Directions for this task | Images are to be left out when the records below are printed word for word.

(Stored records)
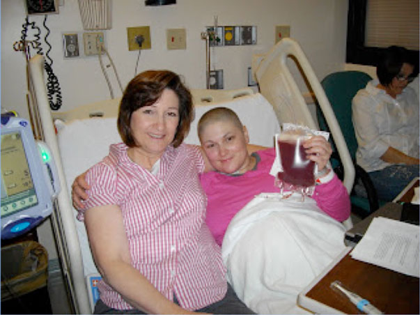 Katie with her mom, day of the transplant, holding her stem cells from Germany
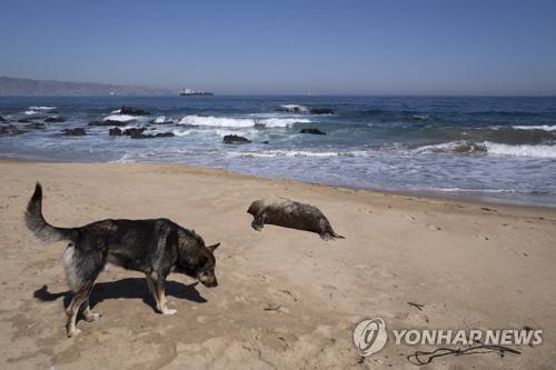 epa10553060 A dog sniffs near the carcass of a dead sea lion at Renaca beach in Vina del Mar, Chile, 31 March 2023. Chile Government reported that 1,535 sea lions and 730 Humboldt penguins have died to date as a result of the avian influenza virus, mainly in northern regions. The Chilean Ministry of Health notified this 29 March the first human case of bird flu in a 53-year-old man. EPA/ADRIANA THOMASA
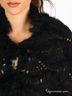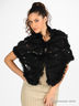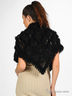 Накидка оригинальной ажурной вязки декорирована продетыми вставками из кроличьего меха.
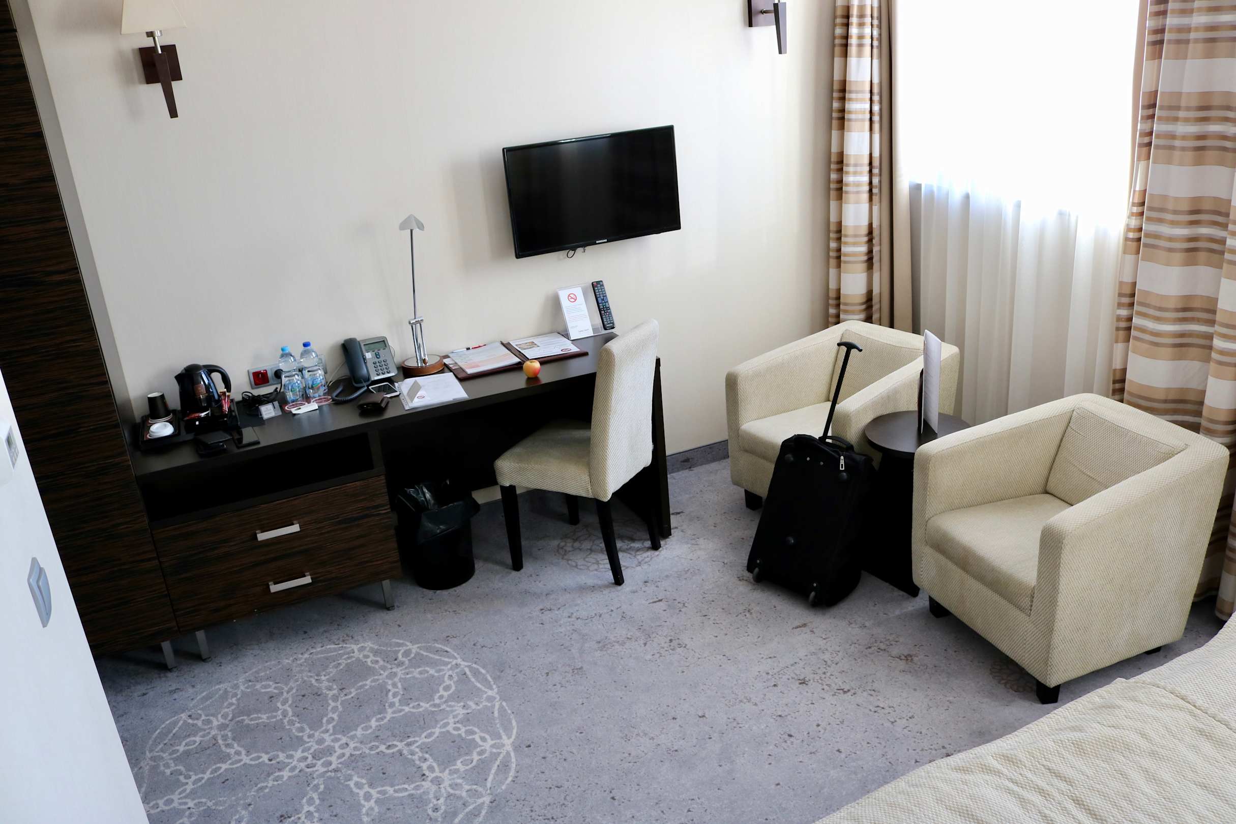 Bereich des Zimmers gegenüber des Bettes; links davon Badezimmer sowie Ausgang.
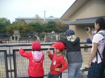 秋の遠足で、動物園に行きました。1,2年生に「たけのこ」の1、4,5年の6名とが一緒に行きました。3年生は、社会見学に行ったので、一緒ではありませんでした。
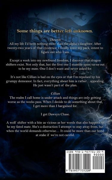 Some things are better left unknown. Dawsyn All my life I'd been nothing more than the alpha's daughter. After twenty-two years of that existence, I finally leave my pack, intent to figure out who I am. Except a week into my newfound freedom, I discover that dragon shifters exist. Not only that, but the first one I stumble upon turns out to be my mate. One I don't want and never asked for. It's not like Cillian is bad on the eyes or that I'm repulsed by his grumpy demeanor. In fact, everything about him is rather...appealing. He just wasn't part of the plan. Cillian The realm I call home is under attack and things are only getting worse as the weeks pass. When I decide to do something about that, I get more than I bargained for. I get Dawsyn Chase. A wolf shifter with a bite as vicious as her words that also happens to be my fated mate. She's a distraction I intend to stay away from, but when the world demands otherwise... It could be more than our bond at stake if we're not careful. This is a slow burn Paranormal Romance trilogy set in the Mystics and Mayhem world, but can be read on its own without major spoilers to past series. If you love fated mates who don't fall instantly in love, swoon-worthy dragon heroes, and feisty heroines, then you don't want to miss out on these books!
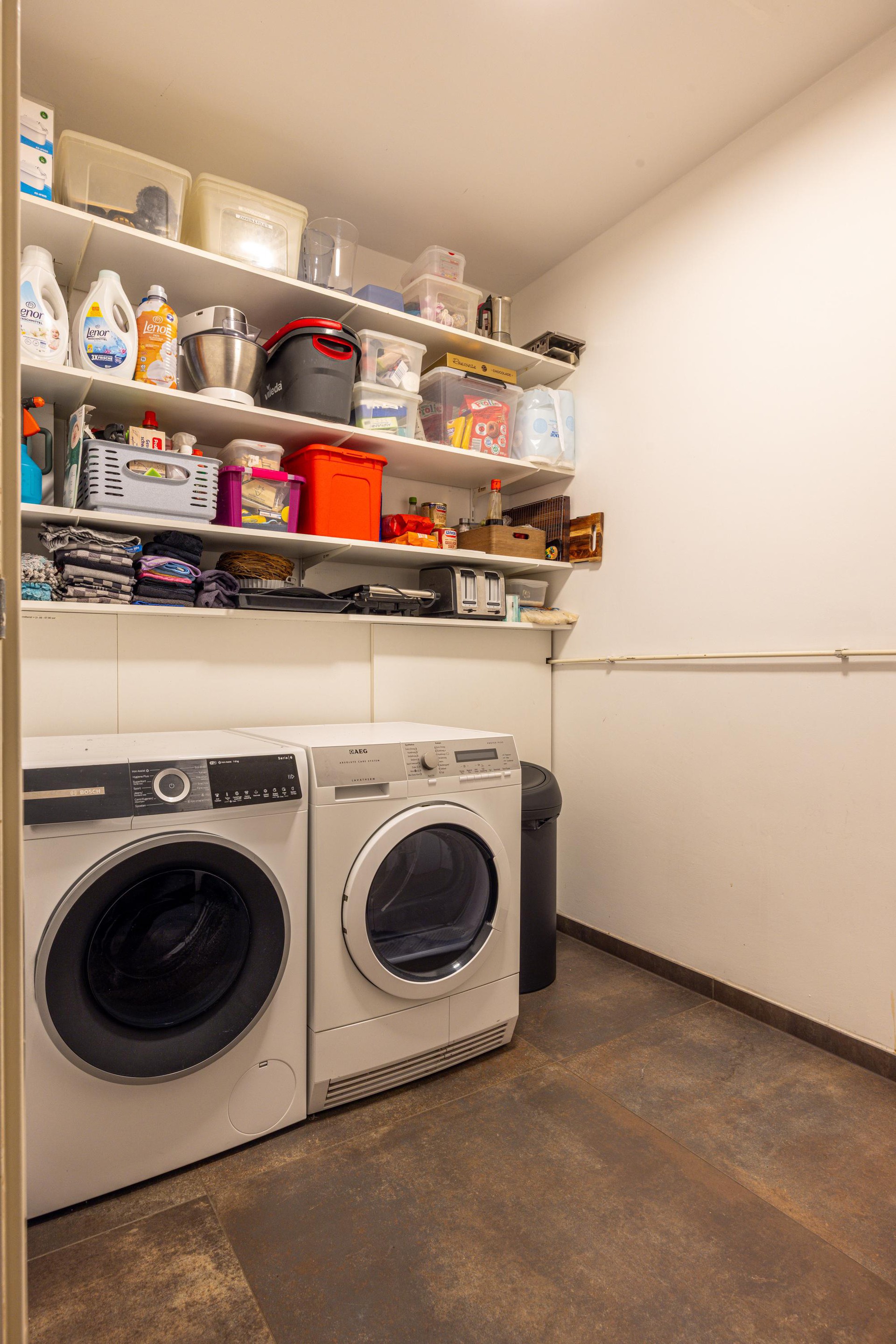 Via een wenteltrap is er een directe verbinding met de wellnessruimte op de begane grond, wat zorgt voor een praktische en bijzondere indeling. De open keuken sluit hier naadloos op aan en beschikt over voldoende kastruimte, waardoor deze verdieping als een compleet en zelfstandig geheel te gebruiken is.
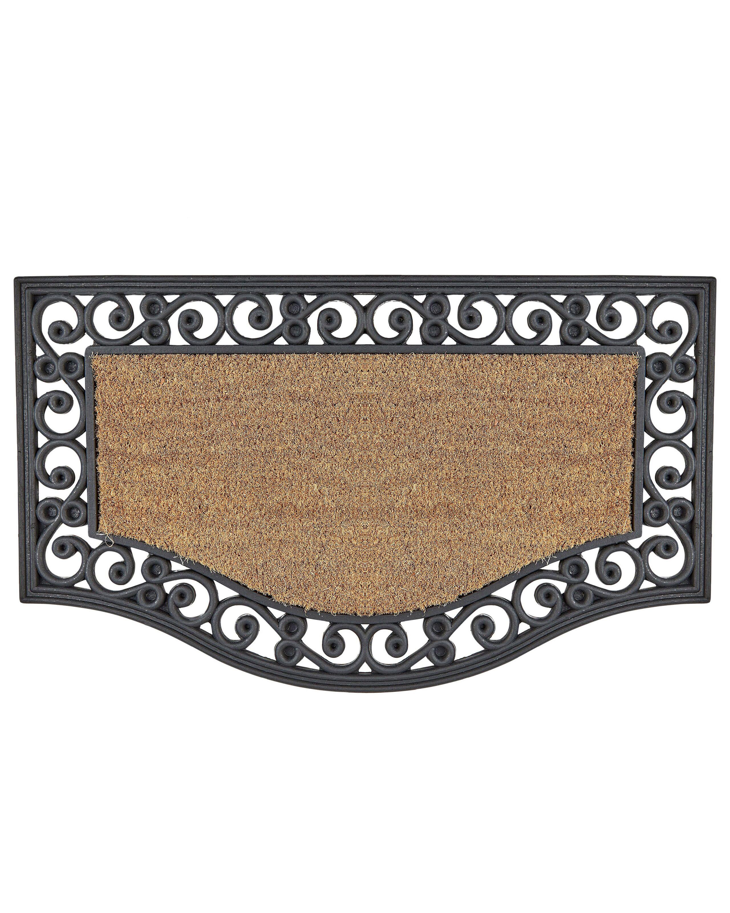 Tapis d'entrée avec support antidérapant. Égayez l'entrée de votre maison avec ce paillasson en fibre de coco au cadre élégant. Le centre naturel classique est entouré d'une bordure en caoutchouc noir aux motifs complexes, alliant durabilité et sophistication. Sa construction robuste assure un grattage efficace de la saleté, tandis que la base antidérapante offre une assise sûre, pour un paillasson à la fois pratique et élégant.
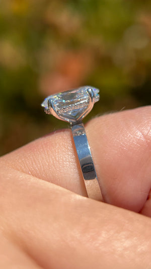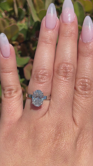 The Andrea features a lab grown oval diamond set in a stunning floating solitaire setting. The Andrea is a trendy and thicker solitaire than usual. It uses a 3.5mm comfort fit solitaire band that focuses all the attention on the gorgeous oval diamond. The oval diamond is elongated and cut like a 3.40ct
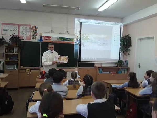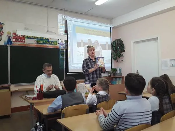 Сотрудники детского отдела библиотеки-филиала №3 подготовили и провели для учащихся 4 «В» класса средней школы №9 встречу с писателем А. А. Смышляевым (Скалой).
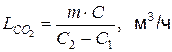- допустимое содержание СО2 или другого газа в помещении, г/м3;
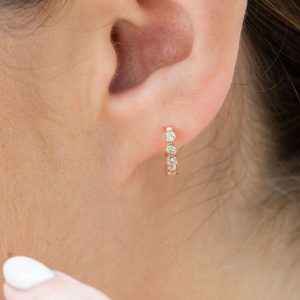 Our best-selling Heirloom Earrings features 5 full-cut diamonds per earring, set in 14k yellow gold. Erin originally came up with the Heirloom Collection when we worked with her to redesign some family jewelry into something more current and easy-to-wear.

Exercise output |
 Katie with her mom, day of the transplant, holding her stem cells from Germany
 epa10553060 A dog sniffs near the carcass of a dead sea lion at Renaca beach in Vina del Mar, Chile, 31 March 2023. Chile Government reported that 1,535 sea lions and 730 Humboldt penguins have died to date as a result of the avian influenza virus, mainly in northern regions. The Chilean Ministry of Health notified this 29 March the first human case of bird flu in a 53-year-old man. EPA/ADRIANA THOMASA
 Накидка оригинальной ажурной вязки декорирована продетыми вставками из кроличьего меха.
 Bereich des Zimmers gegenüber des Bettes; links davon Badezimmer sowie Ausgang.
 秋の遠足で、動物園に行きました。1,2年生に「たけのこ」の1、4,5年の6名とが一緒に行きました。3年生は、社会見学に行ったので、一緒ではありませんでした。
 Some things are better left unknown. Dawsyn All my life I'd been nothing more than the alpha's daughter. After twenty-two years of that existence, I finally leave my pack, intent to figure out who I am. Except a week into my newfound freedom, I discover that dragon shifters exist. Not only that, but the first one I stumble upon turns out to be my mate. One I don't want and never asked for. It's not like Cillian is bad on the eyes or that I'm repulsed by his grumpy demeanor. In fact, everything about him is rather...appealing. He just wasn't part of the plan. Cillian The realm I call home is under attack and things are only getting worse as the weeks pass. When I decide to do something about that, I get more than I bargained for. I get Dawsyn Chase. A wolf shifter with a bite as vicious as her words that also happens to be my fated mate. She's a distraction I intend to stay away from, but when the world demands otherwise... It could be more than our bond at stake if we're not careful. This is a slow burn Paranormal Romance trilogy set in the Mystics and Mayhem world, but can be read on its own without major spoilers to past series. If you love fated mates who don't fall instantly in love, swoon-worthy dragon heroes, and feisty heroines, then you don't want to miss out on these books!
 Via een wenteltrap is er een directe verbinding met de wellnessruimte op de begane grond, wat zorgt voor een praktische en bijzondere indeling. De open keuken sluit hier naadloos op aan en beschikt over voldoende kastruimte, waardoor deze verdieping als een compleet en zelfstandig geheel te gebruiken is.
 Tapis d'entrée avec support antidérapant. Égayez l'entrée de votre maison avec ce paillasson en fibre de coco au cadre élégant. Le centre naturel classique est entouré d'une bordure en caoutchouc noir aux motifs complexes, alliant durabilité et sophistication. Sa construction robuste assure un grattage efficace de la saleté, tandis que la base antidérapante offre une assise sûre, pour un paillasson à la fois pratique et élégant.
 The Andrea features a lab grown oval diamond set in a stunning floating solitaire setting. The Andrea is a trendy and thicker solitaire than usual. It uses a 3.5mm comfort fit solitaire band that focuses all the attention on the gorgeous oval diamond. The oval diamond is elongated and cut like a 3.40ct
 Сотрудники детского отдела библиотеки-филиала №3 подготовили и провели для учащихся 4 «В» класса средней школы №9 встречу с писателем А. А. Смышляевым (Скалой).
- допустимое содержание СО2 или другого газа в помещении, г/м3;
 Our best-selling Heirloom Earrings features 5 full-cut diamonds per earring, set in 14k yellow gold. Erin originally came up with the Heirloom Collection when we worked with her to redesign some family jewelry into something more current and easy-to-wear.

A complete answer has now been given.